Build a CPM network of tasks and dependencies, then ask for the exact Shapley values:

```python
from shapcpm import CPMNetworkBuilder

# Two parallel paths into a shared finish task:
"""
   A(10) ──┐
           ├──> C(30)     critical path:  B → C, total = 50
   B(20) ──┘
"""
network = (
    CPMNetworkBuilder()
    .add_task("A", 10)
    .add_task("B", 20)
    .add_task("C", 30)
    .add_dependency("C", "A")  # C depends on A
    .add_dependency("C", "B")  # C depends on B
    .build()
)

network.get_last_end_time()
# 50
network.get_critical_path()
# ["B", "C"]
network.get_shapley_values_exact()
# {"A": 4.999..., "B": 14.999..., "C": 30.0}
# Sum: 50 — the full makespan, distributed across all three tasks.
```

`A` carries some blame even though it is not on the critical path: in the orderings where `B` is removed first, `A` becomes the binding predecessor of `C`. That is exactly the kind of contribution a critical-path-only view misses.

For larger networks, switch to the Monte-Carlo solver:

```python
network.get_shapley_values_approx(num_samples=10_000)
```

## Examples and case studies

The decomposition theorems in `shapcpm` were originally developed for Meta's Continuous Integration Time analysis; see the companion [CCIW @ ICST 2026 talk](#documentation) for how they are wired into production.
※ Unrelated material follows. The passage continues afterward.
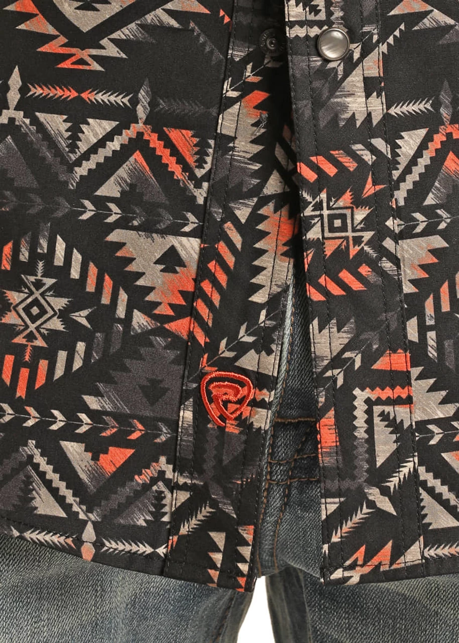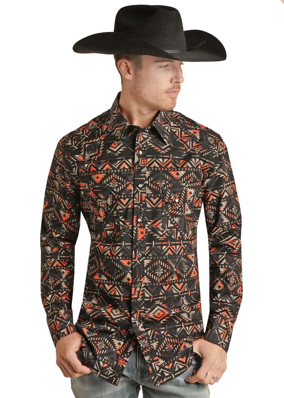 Rock and Roll Men’s Black/Peach Aztec Print Woven Snap Long Sleeve Shirt Black and Peach Aztec Print Button down collar and placket Western Yoke on back Two front snap chest pockets Slim Fit 97% Cotton 3% Spandex

For research-style examples, the three case studies in Wang, Wang & Jin (2024) — a 7-activity house build, a 13-activity construction project, and a 22-activity classic from Levy, Thompson & Wiest (1963) — make small, well-known reproductions. 
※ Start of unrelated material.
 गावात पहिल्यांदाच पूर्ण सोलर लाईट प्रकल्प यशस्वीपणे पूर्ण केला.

Worked notebooks live in [`docs/examples/`](docs/examples/):
- [`wang2024_case1.ipynb`](docs/examples/wang2024_case1.ipynb) — reproduces the 7-activity house-build network from Case 1 of Wang, Wang & Jin (2024), and discusses how `shapcpm`'s makespan attribution relates to the paper's delay attribution.- 

## Documentation

- **Talk.** Swierc, S. *A Hybrid Approach to Optimizing CI Time at Scale: Marginal and Concurrent Delay Analysis.* CI/CD Industry Workshop (CCIW) at ICST 2026 — how Shapley Values are at Meta. *Slides and video link will be added after the conference.*
- **Paper.** Wang, H., Wang, W., & Jin, Z. (2024). *Mechanism for allocating delay to constituent activities in project management.* Computers & Industrial Engineering, 197, 110603. [doi.org/10.1016/j.cie.2024.110603](https://doi.org/10.1016/j.cie.2024.110603) — the mathematical foundation.

## Getting help

- **Bugs and feature requests.** Open a [GitHub issue](https://github.com/facebookresearch/shapcpm/issues). Networks where the approximate solver underperforms are especially welcome — they help us extend the skip-condition set.
- **Questions and discussion.** [GitHub Discussions](https://github.com/facebookresearch/shapcpm/discussions). [CONFIRM Discussions enabled.]
- **Publications using `shapcpm`.** If you publish on top of the library, open an issue tagged `publication` and we will link to it from the README.

## Citation

If you use `shapcpm` in academic work, please consider citing it as:

```bibtex
@inproceedings{swierc2026shapcpm,
  title     = {A Hybrid Approach to Optimizing Build and Test Time: 
              Marginal and Concurrent Delay Analysis},
  author    = {Swierc, Stanislaw and Yost, Scott and Villa, Ben},
  maintitle = {IEEE Conference on Software Testing, Verification and Validation (ICST)},
  booktitle = {Proceedings of the 6th CI/CD Industry Workshop (CCIW)},
  year      = {2026},
}
```

## Contributing

We welcome pull requests. Please read [`CONTRIBUTING.md`](CONTRIBUTING.md) before submitting changes; this project adopts the [Contributor Covenant Code of Conduct](CODE_OF_CONDUCT.md).

`shapcpm` is maintained by Meta with a minimum 6-month commitment beyond launch to address issues and community questions.

## License

`shapcpm` is MIT licensed, as found in the [LICENSE](LICENSE) file.